SUPPLIED DATA >>
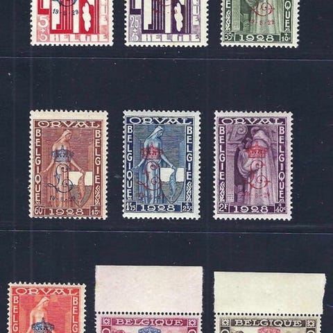 Fra Belgien, de fire store Orvalblokke med overtryk i postfris stand, katalogiseret OBP/COB BL22/25, fra 1942. Klik på den blå "gå til varen" knap, for at købe eller byde på denne vare. Den samlede pris vil blive vist inden du afgiver dit bud.
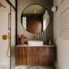 Ta niezwykle kojąca i pełna głębi barwa wnosi do przestrzeni elegancję porównywalną z czernią, lecz w znacznie bardziej przystępny, niezobowiązujący sposób. Dodatkowo tworzy ,,miękkie”, bardziej harmonijne połączenia z innymi kolorami. W tej realizacji architekci zestawili brąz ze zgaszoną zielenią, a ten piękny duet dopełnili kroplą szlachetnego bordo – odcienia, które również zyskuje na popularności. Wysublimowany charakter dopełniają starannie dobrane materiały: kamień, drewno, skóra i szkło.
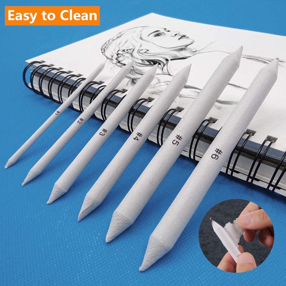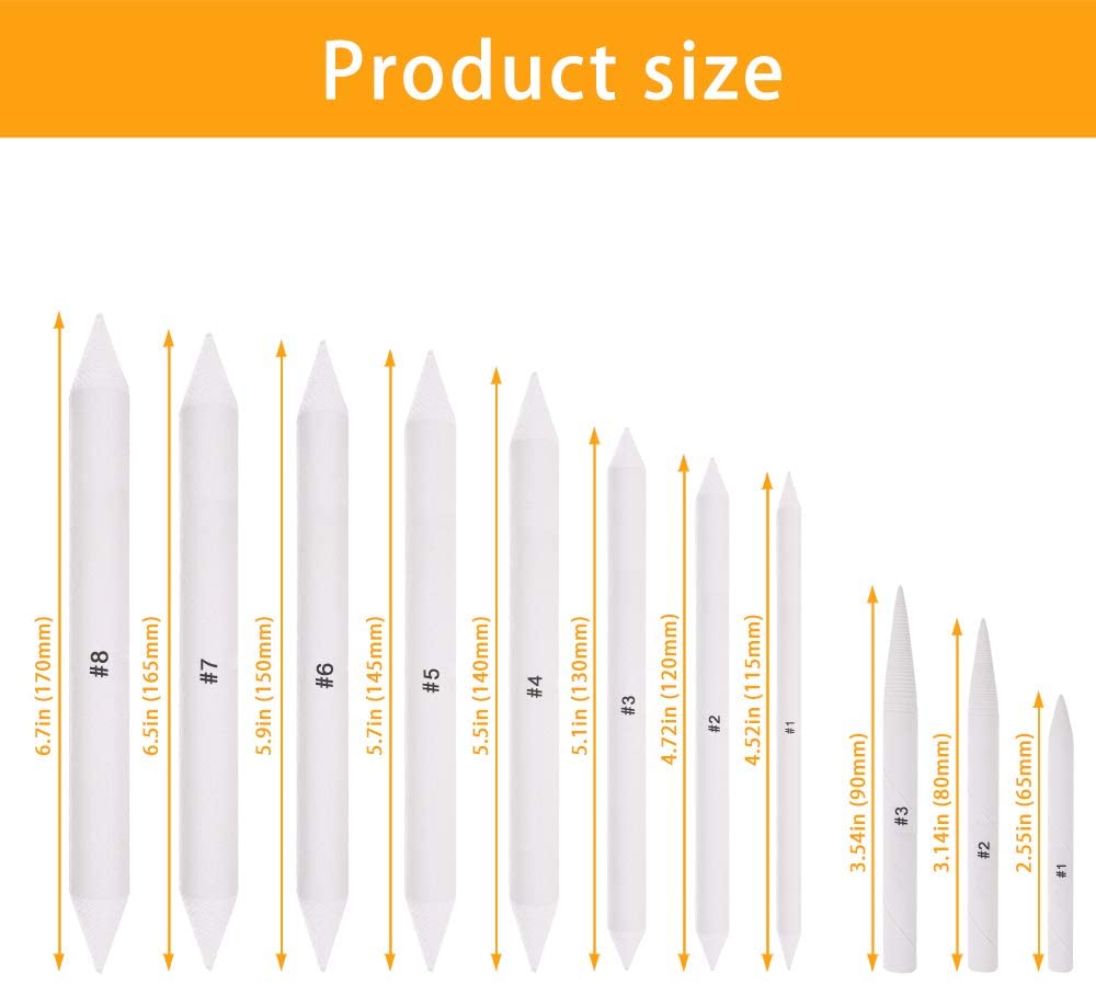 El juego de tocones y tortillas está hecho de papel comprimido suave de alta calidad, exquisito, uso más conveniente, adecuado para manchas, creación de sombras, línea de suavizado, efecto brumoso, mezcla o alisado de pastel, carbón, tiza y lápiz de dibujo de ilustraciones. Vienen en diferentes tamaños, satisfará tus diversas necesidades.
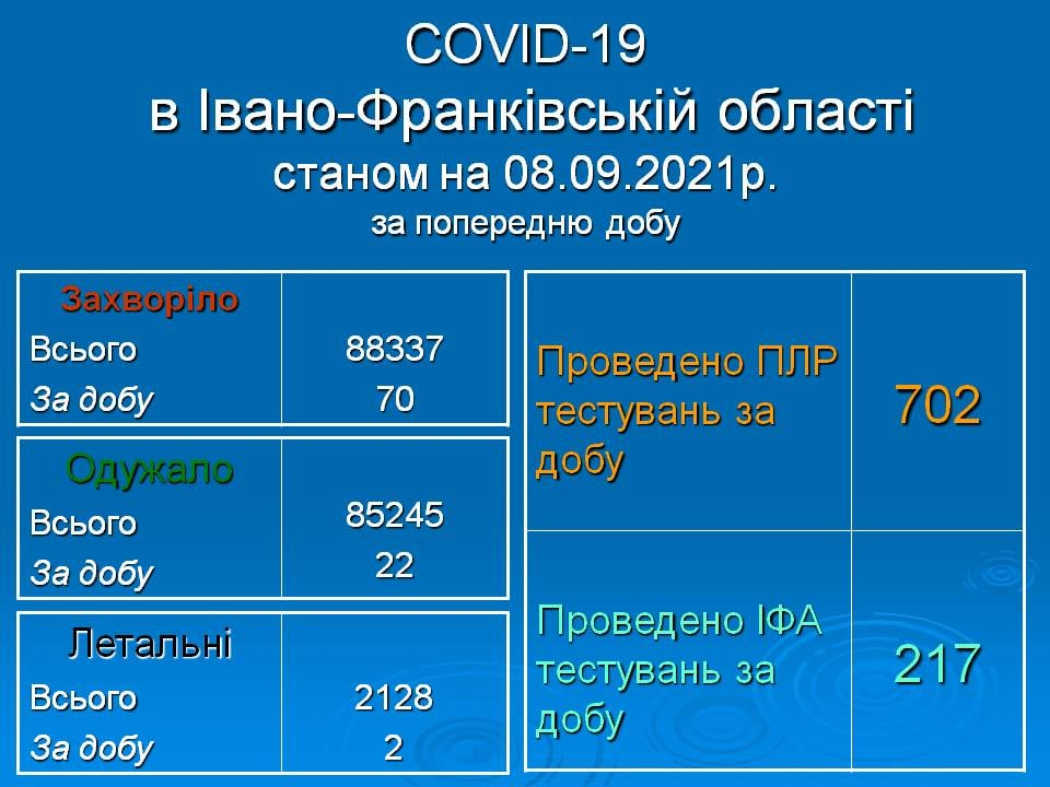 Станом на 8 вересня в Івано-Франківській області протягом попередньої доби зареєстровано 70 нових випадків коронавірусної хвороби COVID-19.

TASK BRIEF >> Skip the pictures and restate exactly the lines from the beginning of the listing to the line with "Ta niezwykle kojąca", that line included.

RESULT OF THE EXERCISE >>
 Fra Belgien, de fire store Orvalblokke med overtryk i postfris stand, katalogiseret OBP/COB BL22/25, fra 1942. Klik på den blå "gå til varen" knap, for at købe eller byde på denne vare. Den samlede pris vil blive vist inden du afgiver dit bud.
 Ta niezwykle kojąca i pełna głębi barwa wnosi do przestrzeni elegancję porównywalną z czernią, lecz w znacznie bardziej przystępny, niezobowiązujący sposób. Dodatkowo tworzy ,,miękkie”, bardziej harmonijne połączenia z innymi kolorami. W tej realizacji architekci zestawili brąz ze zgaszoną zielenią, a ten piękny duet dopełnili kroplą szlachetnego bordo – odcienia, które również zyskuje na popularności. Wysublimowany charakter dopełniają starannie dobrane materiały: kamień, drewno, skóra i szkło.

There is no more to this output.